Up to and including the line bearing "Not much time", output every line of the entries exactly as written, starting from the first; pictures stay out.

Dataset excerpts
Segment Open
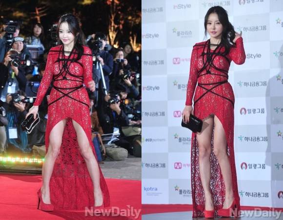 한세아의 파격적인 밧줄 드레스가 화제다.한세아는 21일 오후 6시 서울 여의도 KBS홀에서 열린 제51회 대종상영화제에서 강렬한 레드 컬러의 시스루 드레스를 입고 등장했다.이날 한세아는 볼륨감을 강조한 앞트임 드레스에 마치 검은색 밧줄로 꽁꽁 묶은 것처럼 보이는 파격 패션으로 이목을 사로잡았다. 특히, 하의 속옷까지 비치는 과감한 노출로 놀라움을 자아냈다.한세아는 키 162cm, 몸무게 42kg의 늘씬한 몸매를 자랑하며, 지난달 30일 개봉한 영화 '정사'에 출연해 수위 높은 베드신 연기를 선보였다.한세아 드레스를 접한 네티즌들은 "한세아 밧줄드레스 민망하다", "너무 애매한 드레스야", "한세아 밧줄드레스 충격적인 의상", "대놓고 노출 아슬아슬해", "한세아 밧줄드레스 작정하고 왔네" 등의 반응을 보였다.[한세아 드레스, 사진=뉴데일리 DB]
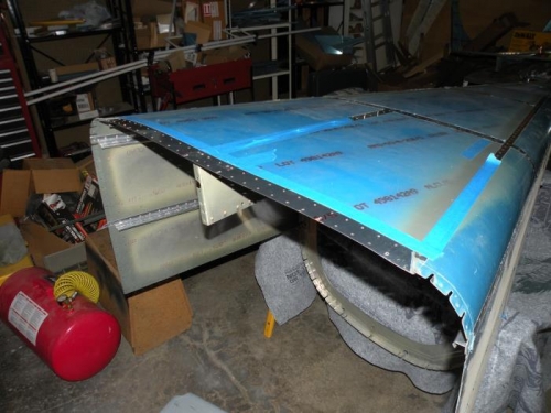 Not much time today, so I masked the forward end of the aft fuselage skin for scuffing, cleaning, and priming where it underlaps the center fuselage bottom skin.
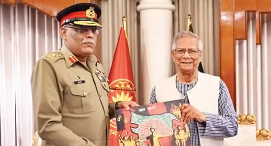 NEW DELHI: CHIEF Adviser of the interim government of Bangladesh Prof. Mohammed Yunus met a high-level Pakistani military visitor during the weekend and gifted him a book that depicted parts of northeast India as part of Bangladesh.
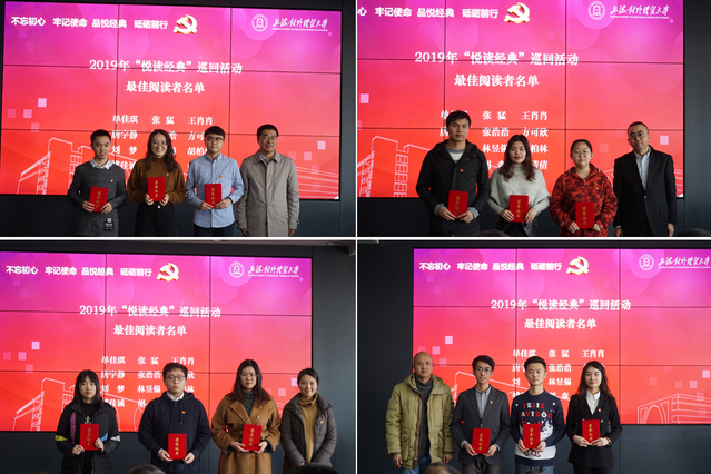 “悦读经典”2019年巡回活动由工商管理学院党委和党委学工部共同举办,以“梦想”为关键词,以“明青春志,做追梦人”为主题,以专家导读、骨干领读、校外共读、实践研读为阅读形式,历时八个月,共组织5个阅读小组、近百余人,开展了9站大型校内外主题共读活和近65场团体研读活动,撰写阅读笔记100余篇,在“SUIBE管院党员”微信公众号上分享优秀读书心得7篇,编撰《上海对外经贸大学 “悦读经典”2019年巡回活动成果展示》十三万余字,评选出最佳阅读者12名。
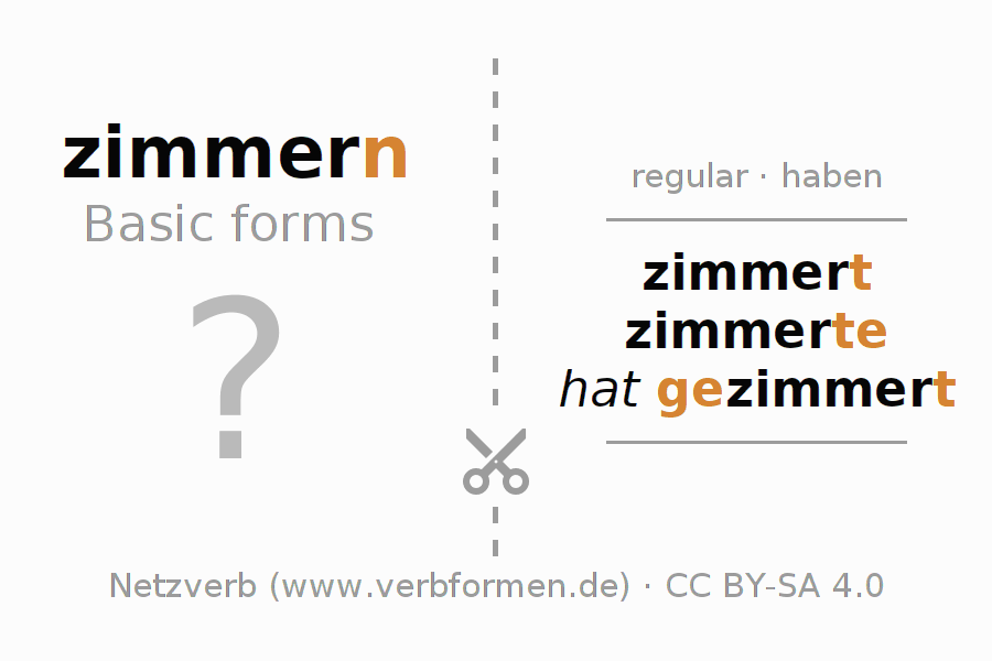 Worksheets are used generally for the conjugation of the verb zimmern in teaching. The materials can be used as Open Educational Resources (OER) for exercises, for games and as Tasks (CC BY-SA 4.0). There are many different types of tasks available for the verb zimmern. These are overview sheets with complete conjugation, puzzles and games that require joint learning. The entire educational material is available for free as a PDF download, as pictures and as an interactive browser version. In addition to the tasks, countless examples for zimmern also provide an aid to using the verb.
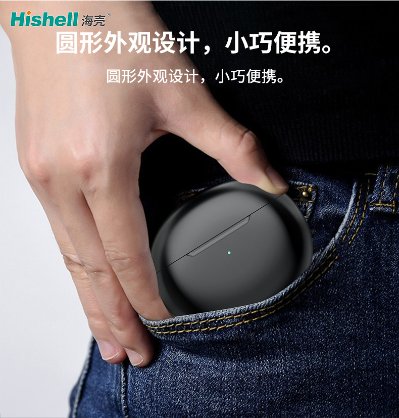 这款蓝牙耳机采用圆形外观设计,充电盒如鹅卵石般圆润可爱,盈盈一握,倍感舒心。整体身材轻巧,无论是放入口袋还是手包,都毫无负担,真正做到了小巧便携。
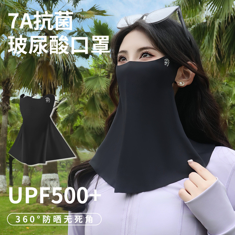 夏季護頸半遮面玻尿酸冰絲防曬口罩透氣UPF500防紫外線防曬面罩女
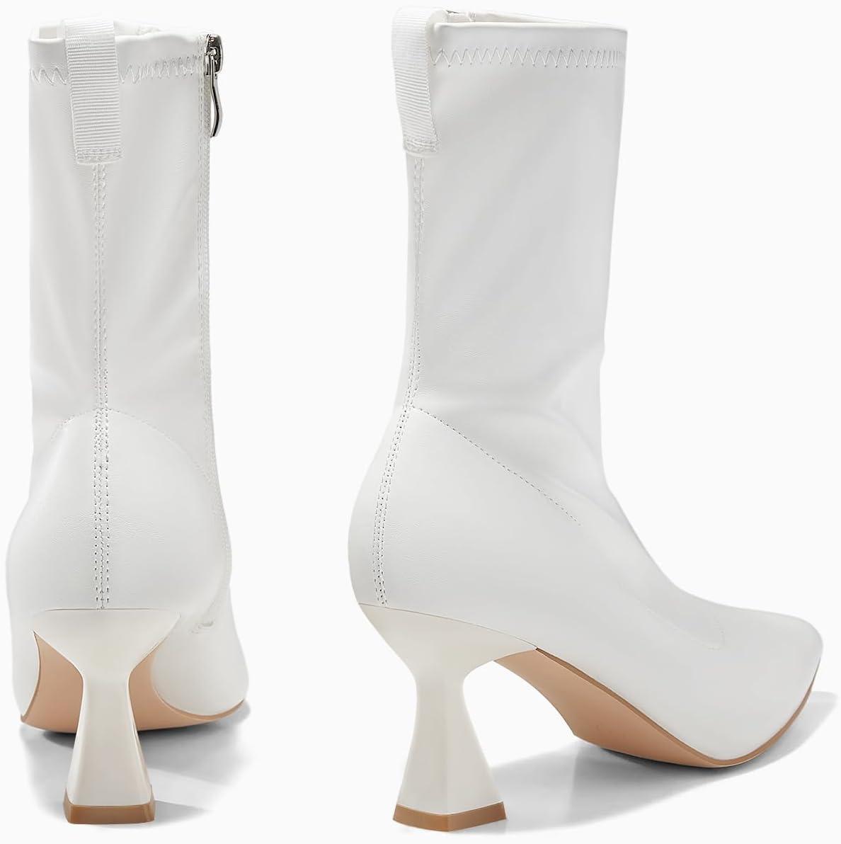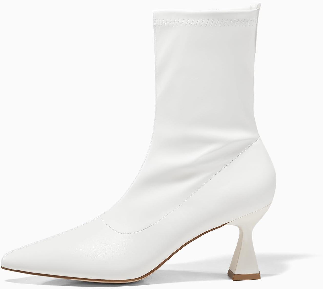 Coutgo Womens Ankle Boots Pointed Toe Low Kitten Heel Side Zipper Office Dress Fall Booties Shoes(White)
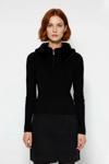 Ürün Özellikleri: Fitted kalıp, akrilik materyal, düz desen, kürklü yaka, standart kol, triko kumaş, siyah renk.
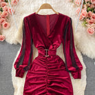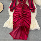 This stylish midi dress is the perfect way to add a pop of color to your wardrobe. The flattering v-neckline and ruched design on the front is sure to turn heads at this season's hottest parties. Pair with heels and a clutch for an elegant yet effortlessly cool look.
Segment Closed
== RESULT OF THE TASK ==
 한세아의 파격적인 밧줄 드레스가 화제다.한세아는 21일 오후 6시 서울 여의도 KBS홀에서 열린 제51회 대종상영화제에서 강렬한 레드 컬러의 시스루 드레스를 입고 등장했다.이날 한세아는 볼륨감을 강조한 앞트임 드레스에 마치 검은색 밧줄로 꽁꽁 묶은 것처럼 보이는 파격 패션으로 이목을 사로잡았다. 특히, 하의 속옷까지 비치는 과감한 노출로 놀라움을 자아냈다.한세아는 키 162cm, 몸무게 42kg의 늘씬한 몸매를 자랑하며, 지난달 30일 개봉한 영화 '정사'에 출연해 수위 높은 베드신 연기를 선보였다.한세아 드레스를 접한 네티즌들은 "한세아 밧줄드레스 민망하다", "너무 애매한 드레스야", "한세아 밧줄드레스 충격적인 의상", "대놓고 노출 아슬아슬해", "한세아 밧줄드레스 작정하고 왔네" 등의 반응을 보였다.[한세아 드레스, 사진=뉴데일리 DB]
 Not much time today, so I masked the forward end of the aft fuselage skin for scuffing, cleaning, and priming where it underlaps the center fuselage bottom skin.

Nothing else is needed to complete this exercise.